*WHAT TO PRODUCE*: A line below contains "- Miarka z uchwytem", and a later one contains "Bold, confident, and". Repeat both, with every line between them, exactly.

*RECORDS PROVIDED*:
::::::::

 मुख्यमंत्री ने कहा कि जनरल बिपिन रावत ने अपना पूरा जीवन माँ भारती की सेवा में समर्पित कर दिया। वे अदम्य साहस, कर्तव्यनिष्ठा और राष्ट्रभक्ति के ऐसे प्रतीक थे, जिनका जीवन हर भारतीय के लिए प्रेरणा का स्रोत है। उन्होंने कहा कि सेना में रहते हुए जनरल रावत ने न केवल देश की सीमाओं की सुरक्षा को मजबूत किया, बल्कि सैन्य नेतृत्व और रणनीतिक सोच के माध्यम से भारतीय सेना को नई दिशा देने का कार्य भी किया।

::::::::

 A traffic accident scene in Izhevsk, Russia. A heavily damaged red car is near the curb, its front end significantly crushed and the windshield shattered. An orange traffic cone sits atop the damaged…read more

::::::::

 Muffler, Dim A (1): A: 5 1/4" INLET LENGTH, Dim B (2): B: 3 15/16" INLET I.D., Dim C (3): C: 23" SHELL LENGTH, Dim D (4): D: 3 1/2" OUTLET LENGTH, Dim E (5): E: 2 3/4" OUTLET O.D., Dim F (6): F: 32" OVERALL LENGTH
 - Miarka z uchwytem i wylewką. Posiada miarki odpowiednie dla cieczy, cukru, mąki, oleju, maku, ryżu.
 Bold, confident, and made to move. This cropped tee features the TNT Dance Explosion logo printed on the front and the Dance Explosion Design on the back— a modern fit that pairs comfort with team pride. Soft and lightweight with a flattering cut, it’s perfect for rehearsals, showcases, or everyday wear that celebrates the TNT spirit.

::::::::

*SOLUTION TO THE EXERCISE*:
 - Miarka z uchwytem i wylewką. Posiada miarki odpowiednie dla cieczy, cukru, mąki, oleju, maku, ryżu.
 Bold, confident, and made to move. This cropped tee features the TNT Dance Explosion logo printed on the front and the Dance Explosion Design on the back— a modern fit that pairs comfort with team pride. Soft and lightweight with a flattering cut, it’s perfect for rehearsals, showcases, or everyday wear that celebrates the TNT spirit.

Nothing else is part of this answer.